──────── Source material

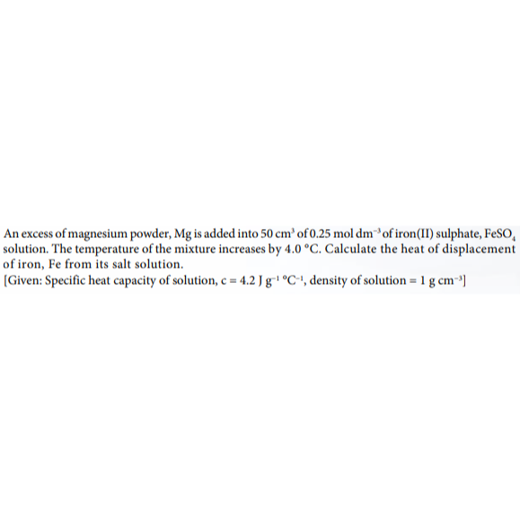 Steps to calculate the heat of displacement of iron, Fe from its salt solution
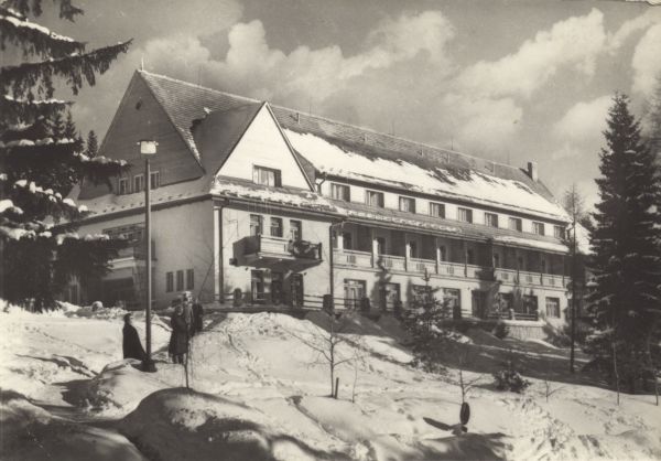 Widok na budynek domu wypoczynkowego - Nowe Życie w zimowej scenerii. Przed budynkiem wczasowicze.
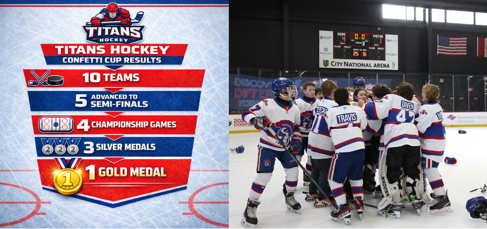 What a weekend in Vegas for Titans Hockey! The Confetti Cup was about so much more than wins and medals — it was about connection, growth, and competition, and our Titans delivered on all fronts.
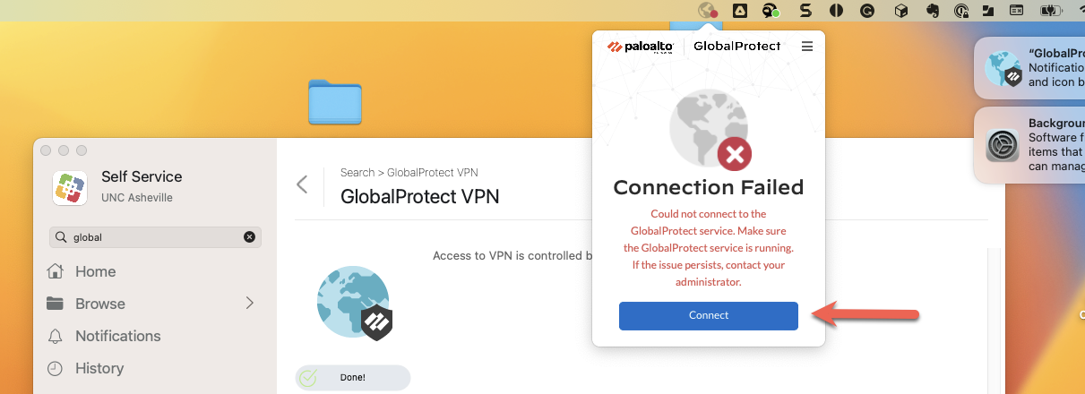 When Global Protect is first installed on a Mac or when logging in you may see a message like the one below. In that case, just ignore it and hit “connect” to retry the connection and it should connect you.
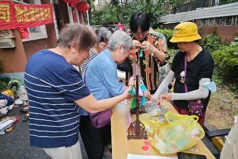 新增的“香包”摊位更是吸引了众多居民的目光,一串串精致灵巧的小香包让人爱不释手,居民们纷纷排队领取。此外,小家电、皮具维修等摊位前也是人头攒动,热闹非凡,极大地提升了居民的参与热情。
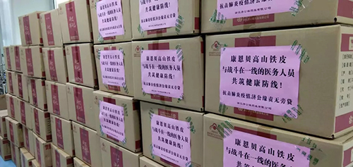 在此,特向你们送上公司的铁皮石斛产品,希望能为你们的健康加油,解你们的疲累。你们的健康,是全体康恩贝人的心愿,相信也是所有浙江人民的心愿!
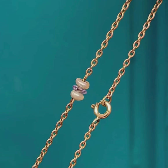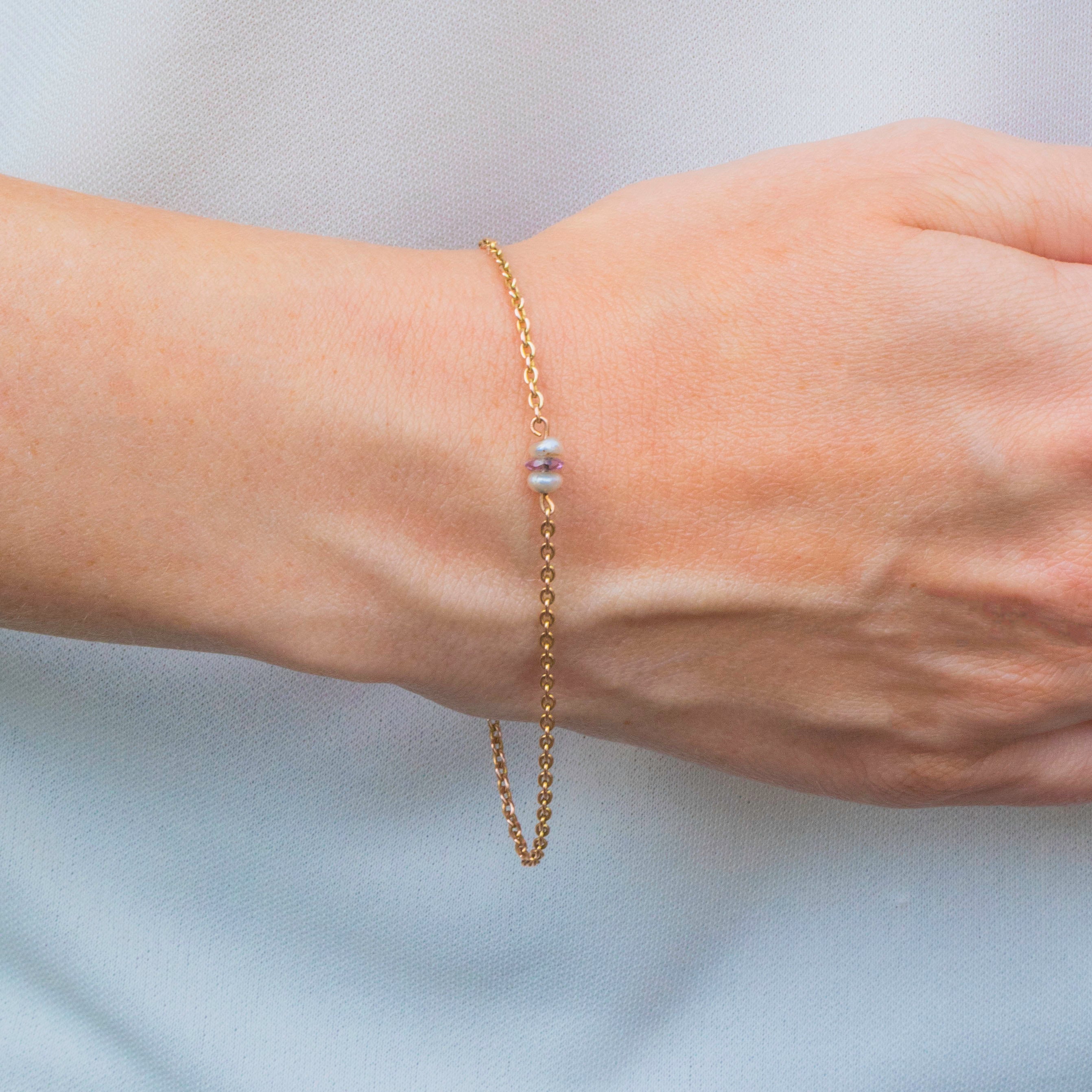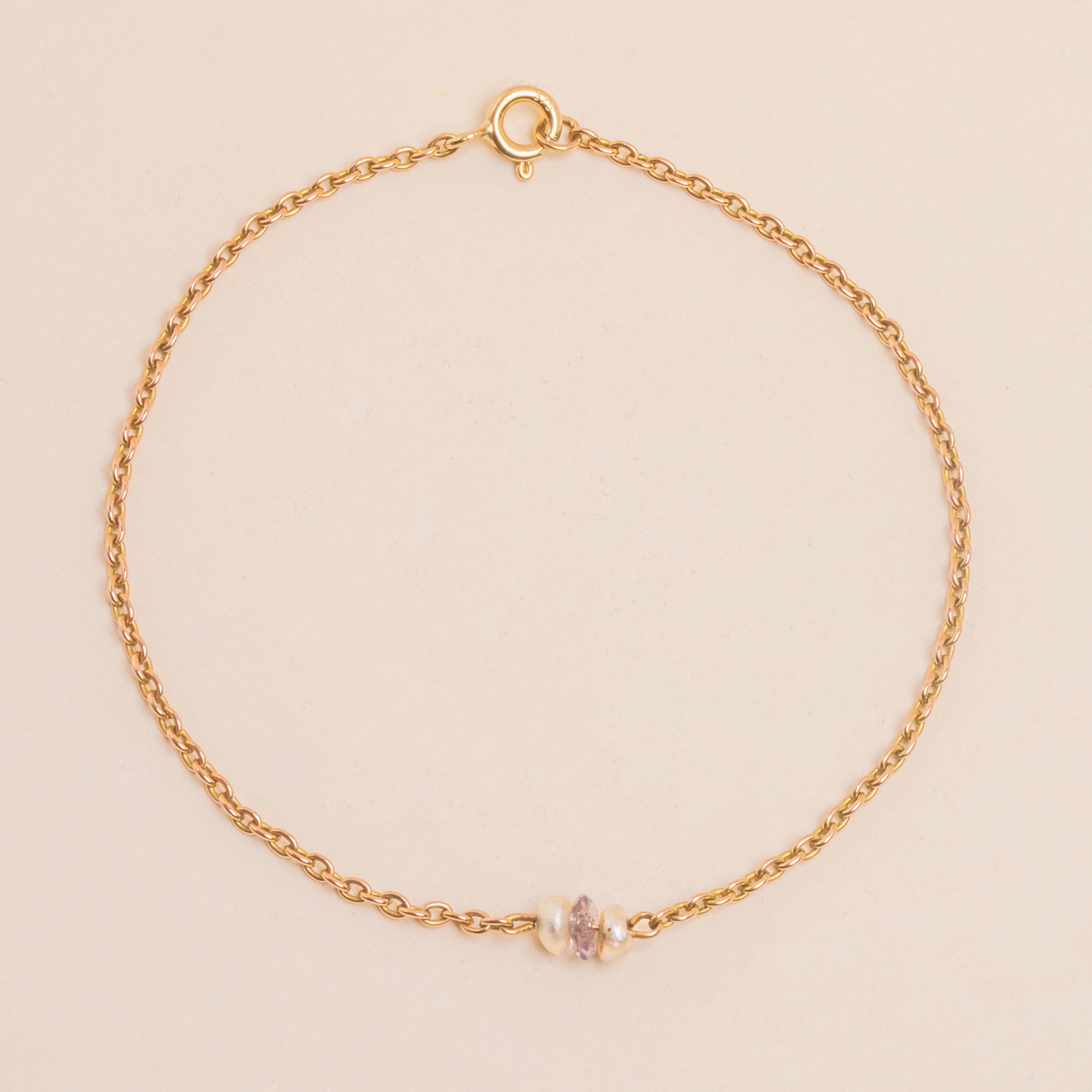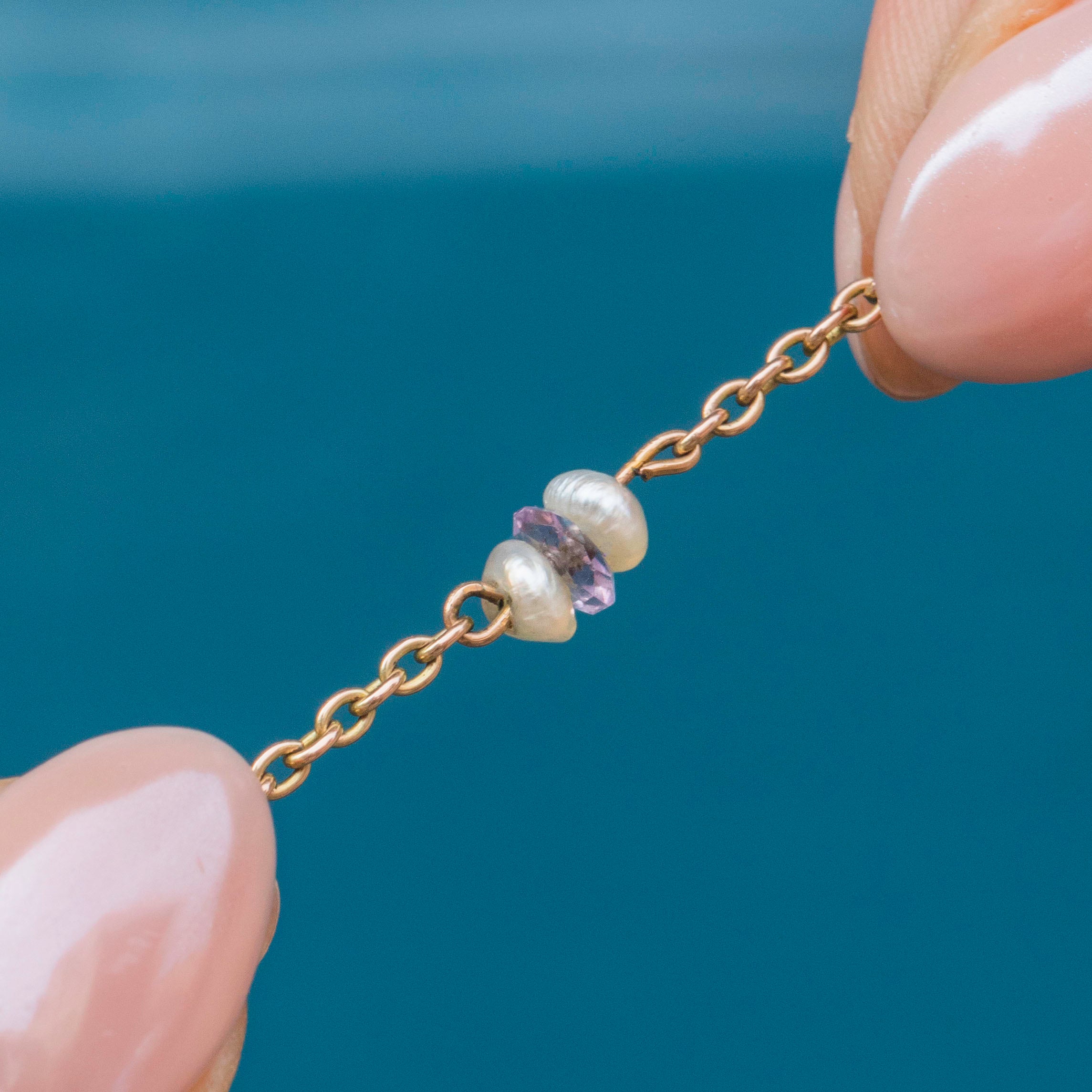 Bring simplicity and splendour to your wrist stack with this antique 9ct Gold Pearl and Amethyst bracelet! Her 7.5 inch length is formed of slender belcher links homing a faceted Amethyst nestled between two shimmering Pearls.
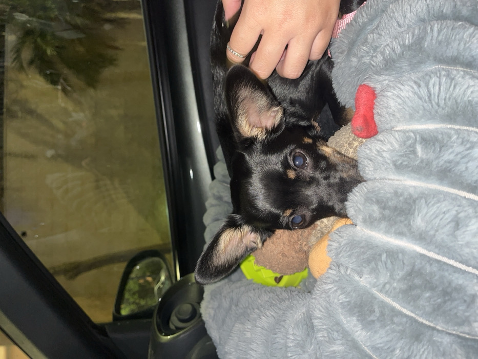 - "A small, black dog with tan markings on its face and prominent ears is positioned within a light grey, ribbed pet bed or blanket inside a vehicle at night" by FM-AjOHL2, licensed under CC BY 4.0
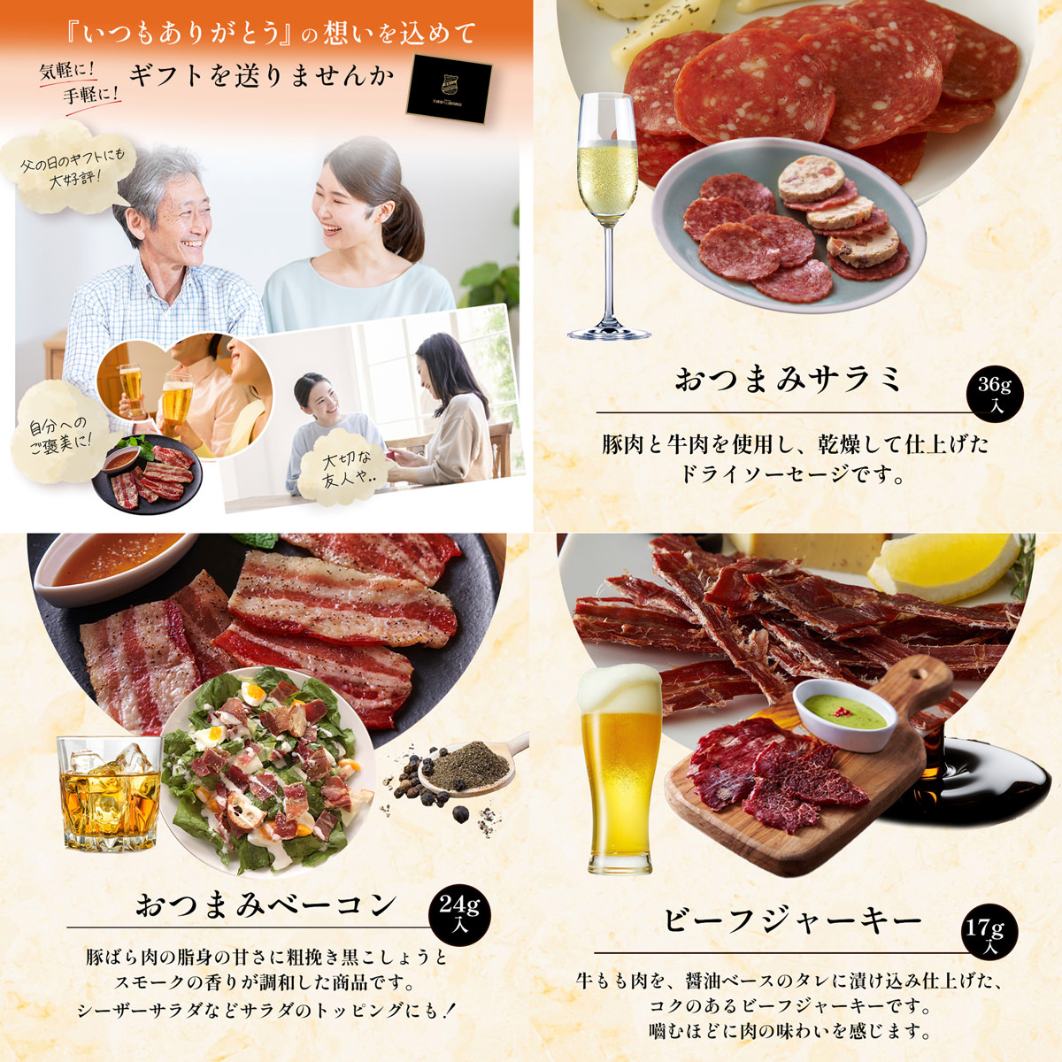 ●数量・内容:ビーフジャーキー17g、おつまみベーコン24g、おつまみサラミ36g
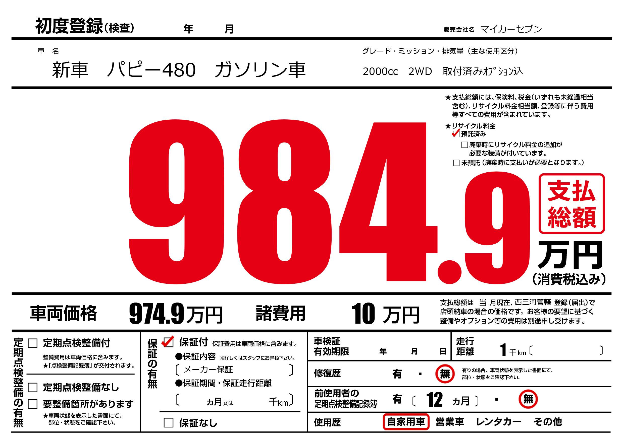 | 車名 | 新車 パピー480 ガソリン車 | グレード ミッション 排気量 |
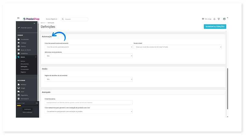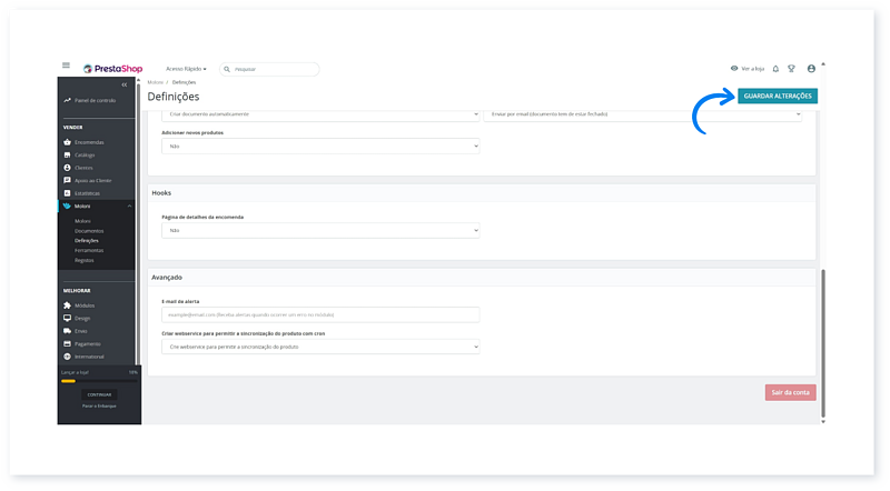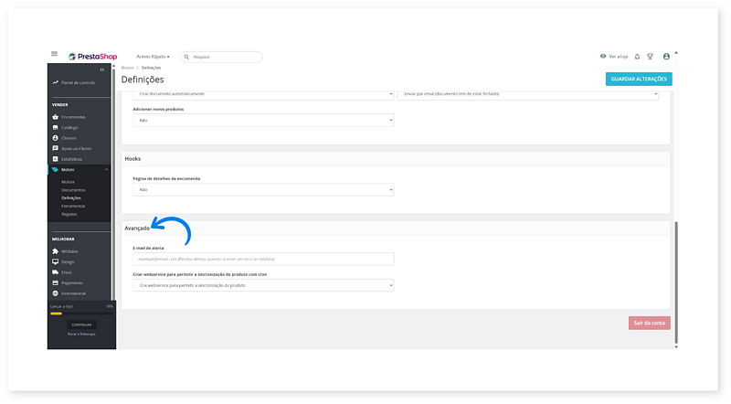 11. No separador Avançado, pode definir um e-mail para notificação de erros e ative a sincronização automática de produtos.
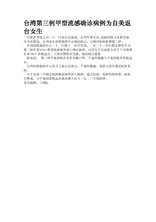 臺(tái)灣第三例甲型流感確診病例為自美返臺(tái)女生
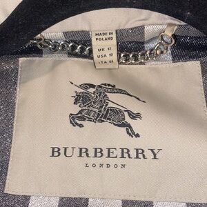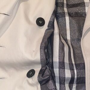 Burberry Trench. Traditional Burberry trench color with some flair. double breasted, back hem ruffle, sparkle Burberry plaid lining.
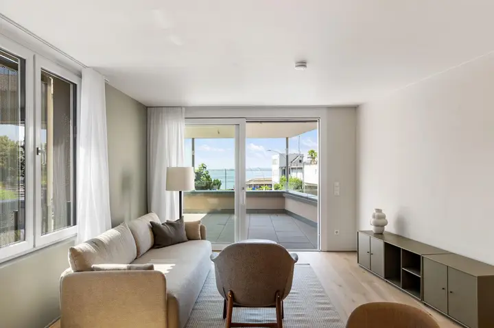 Die Kleinwohnanlage »Am Tannenbach« mit nur 4 Wohneinheiten befindet sich in direkter Nachbarschaft zur Kaserne und nur 3 Gehminuten vom Bodenseeufer entfernt. Es werden in Anbau an das bereits bestehende Nachbargebäude großzügige 4-Zimmer Wohnungen von ca. 96 m² bis ca. 102 m² Wohnfläche und ca. 22 m² großen Balkonen realisiert. Die Wohnung Top 1 im EG ist fertig ausgebaut und teilmöbliert.
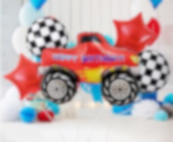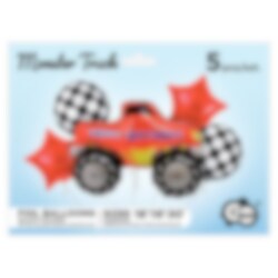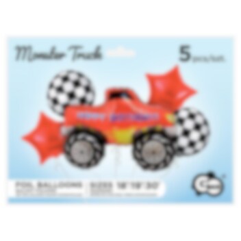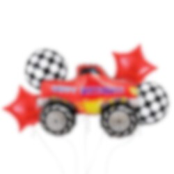 Stoer ballonboeket met verschillende folieballonnen in een Monstertruck thema. Het boeket bestaat uit een grote Monster Truck met de tekst Happy Birthday, 75 cm, twee ronde ballonnen met een dambordpatroon in wit en zwart, 35 cm en twee stervormige rode ballonnen, 35 cm. Naast de ballonnen wordt er een wit ballonlint meegeleverd.

────────────────

» **Action item**: Reproduce verbatim, and only, the lines starting at the one that contains "臺(tái)灣第三例甲型流感確診病例為自美返臺(tái)女生" and ending with the final line of the records; leave out the pictures.

» **Solution to the problem**:
 臺(tái)灣第三例甲型流感確診病例為自美返臺(tái)女生
 Burberry Trench. Traditional Burberry trench color with some flair. double breasted, back hem ruffle, sparkle Burberry plaid lining.
 Die Kleinwohnanlage »Am Tannenbach« mit nur 4 Wohneinheiten befindet sich in direkter Nachbarschaft zur Kaserne und nur 3 Gehminuten vom Bodenseeufer entfernt. Es werden in Anbau an das bereits bestehende Nachbargebäude großzügige 4-Zimmer Wohnungen von ca. 96 m² bis ca. 102 m² Wohnfläche und ca. 22 m² großen Balkonen realisiert. Die Wohnung Top 1 im EG ist fertig ausgebaut und teilmöbliert.
 Stoer ballonboeket met verschillende folieballonnen in een Monstertruck thema. Het boeket bestaat uit een grote Monster Truck met de tekst Happy Birthday, 75 cm, twee ronde ballonnen met een dambordpatroon in wit en zwart, 35 cm en twee stervormige rode ballonnen, 35 cm. Naast de ballonnen wordt er een wit ballonlint meegeleverd.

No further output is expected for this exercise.